Bei der zweiten Aufgabe muß ich ehrlich sagen, ich finde den Code gut wie er ist und wüßte nicht, was ich mit Refaktorisierung daran ändern sollte.

Für winken mit Laternenpfählen wäre ich dankbar  .


----------



## Wildcard (2. Mrz 2007)

Bei 2 sollte stattdessen eine PI Konstante verwendet werden.


----------



## SlaterB (2. Mrz 2007)

wenn man ganz lustig ist, dann auch noch eine Konstante PI2,
denn 2.0 * PI muss man ja nicht ständig ausrechenen


----------



## hgmichael (2. Mrz 2007)

Danke, an die Konstante habe ich nicht gedacht. 

habe PI nun mit Refactor Constant geändert.

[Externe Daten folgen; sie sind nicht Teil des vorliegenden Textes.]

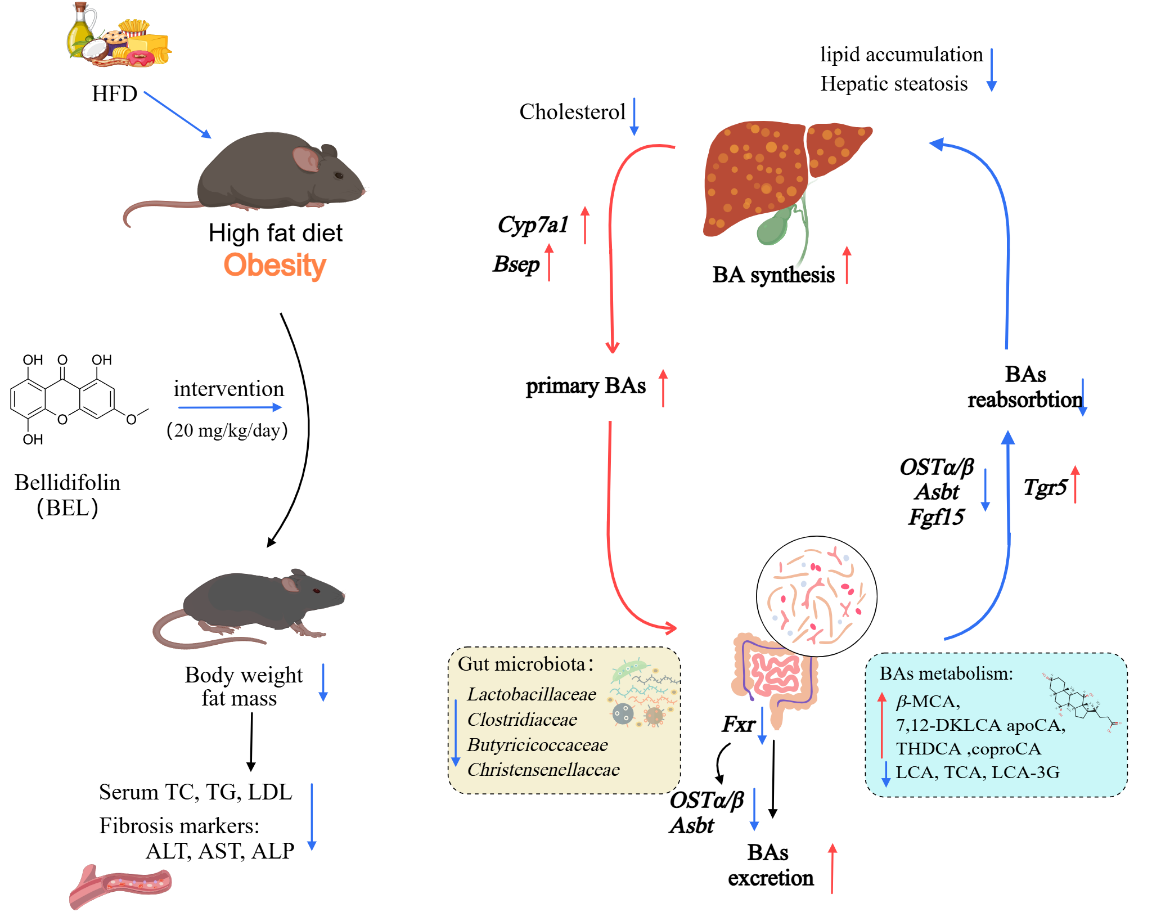 中国科学院华南植物园战略植物资源保育与利用科研团队最新研究发现,北方獐牙菜中的主要活性成分—Bellidifolin(BEL)可通过调控肠道菌群和胆汁酸代谢,显著改善高脂饮食诱导的肥胖及相关代谢异常。研究团队通过高效液相色谱-质谱联用技术(HPLC-MS/MS)从北方獐牙菜提取物中鉴定出25个氧杂蒽酮类化合物,结合网络药理学分析,发现其与脂代谢和动脉粥样硬化通路密切相关。其中,BEL显著降低了血清甘油三酯(TG)、总胆固醇(TC)和低密度脂蛋白(LDL)水平,减轻了肝脏的脂肪变性和炎症损伤。同时,它有效降低了厚壁菌门(Firmicutes)和乳杆菌科(Lactobacillaceae)等促炎菌群的丰度,增加了拟杆菌门(Bacteroidota)等有益菌的比例,从而改善了肠道微环境。此外,BEL通过上调CYP7A1增强了肝脏胆汁酸的合成,通过抑制ASBT和OSTα/β而减少了肠道中胆汁酸的重吸收,促进了粪便排泄,并降低了肝内脂质的沉积。
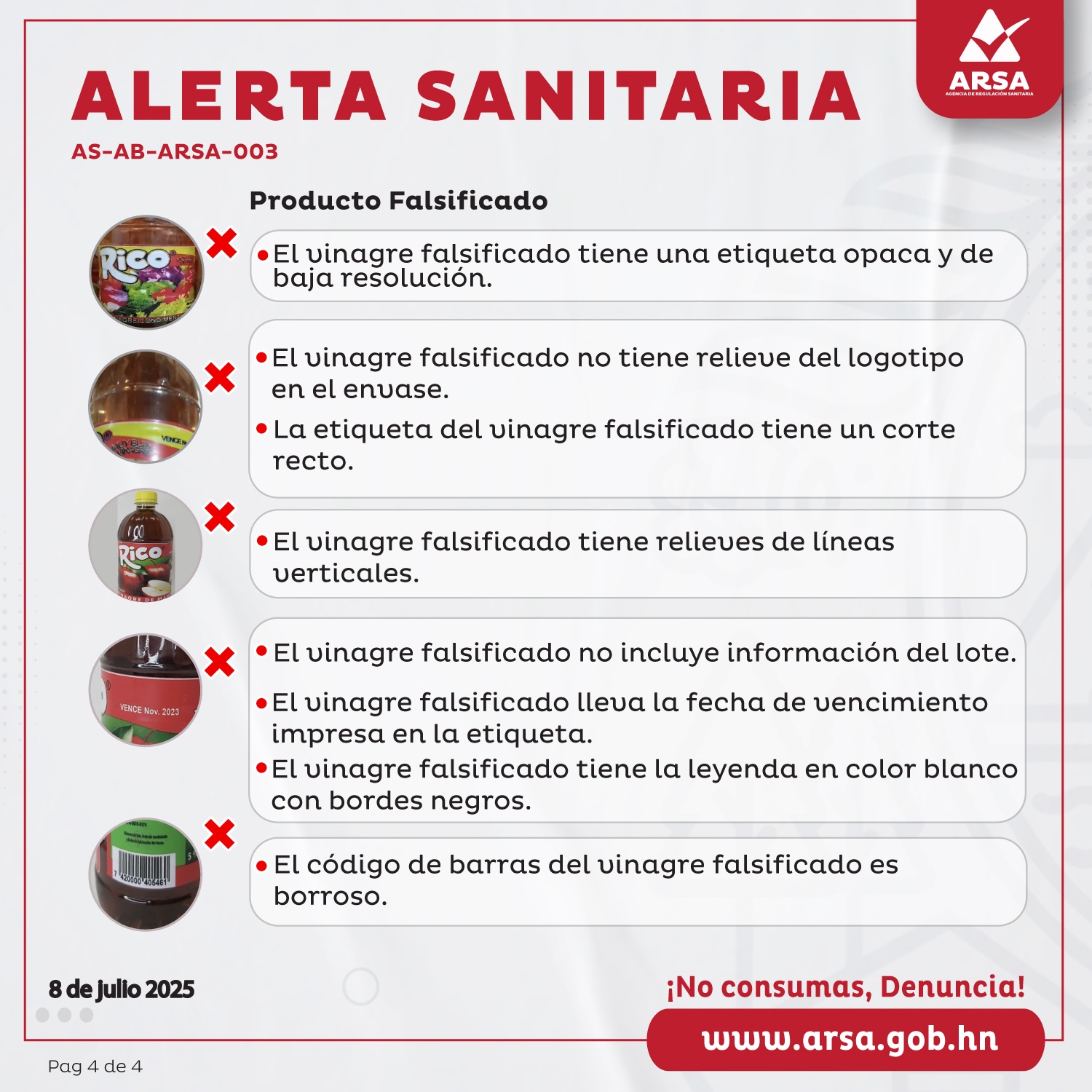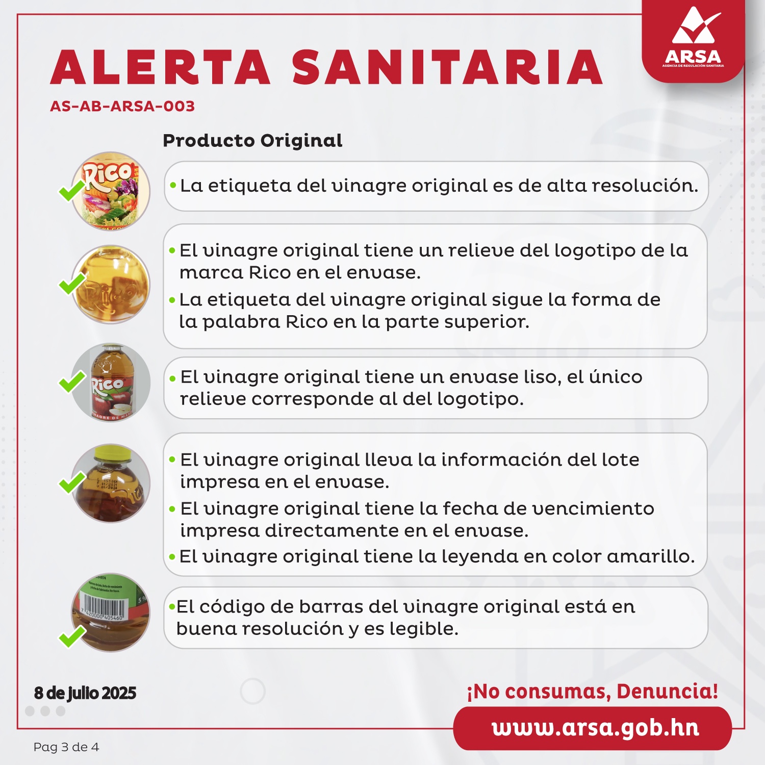Tegucigalpa, 8 de julio de 2025.- La Agencia de Regulación Sanitaria (ARSA) ha emitido la alerta sanitaria AS-AB-ARSA-003 tras detectar la circulación en el mercado hondureño de productos falsificados que se hacen pasar por “Vinagre Rico Condimentado” y “Vinagre Rico de Manzana”. Estos productos adulterados no cumplen con los estándares de calidad y seguridad exigidos, representando un riesgo directo para la salud de los consumidores.
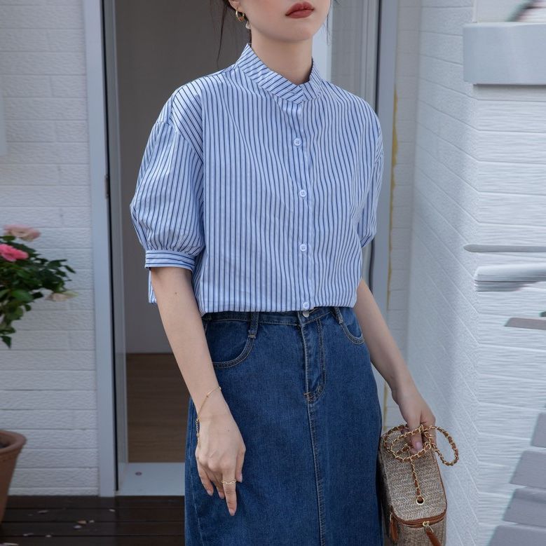 蓝色条纹夏设计感百搭宽松显瘦衬衣通勤衬衫女短袖经典衬衫女
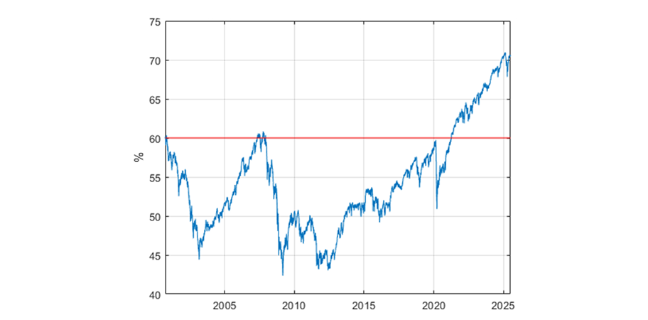 Figure 1. Equity allocation drift in a 60/40 portfolio with no rebalancing
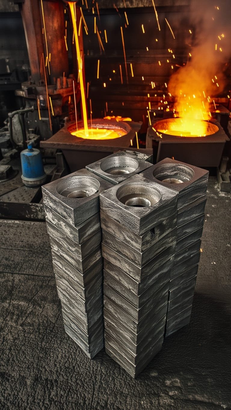 Colado de metal liquido en moldes para fabricar piezas personalizadas a tu medida.
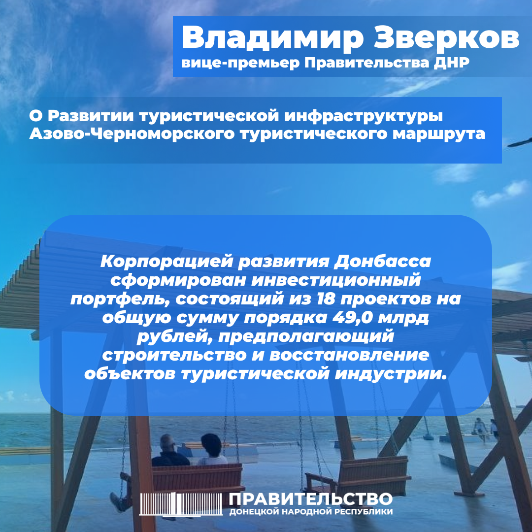 Заместитель Председателя Правительства Владимир Зверков выступил на экспертной панели «Развитие Азово-черноморского туристического кластера». Вице-премьер рассказал о приоритетных направлениях инфраструктурного развития Приазовья.

Noch jemand eine Idee für mein anderes Porblem?


----------



## gizmo (2. Mrz 2007)

Der zweite Code stimmt sowieso nicht, Berechnung von Fläche und Umfang sind vertauscht.


----------



## Wildcard (2. Mrz 2007)

Zu 1.
Damit ist wohl Gernalize declared Type gemeint.


----------



## hgmichael (2. Mrz 2007)

@gizmo, darauf habe ich gar nicht geachtet, aber jetzt wo du es sagst....

@wildcard -> paßt, danke


----------



## jupa2704 (25. Sep 2007)

@hg michael

Hallo, ich bin auh gerade bei der Lösung der Aufgabe, kannst du mir sagen ob die iene Refaktorisierung ausreichend war , oder ob es noch mehrer Möglichkeiten gegeben hat.

Vielen Dank schonmal


----------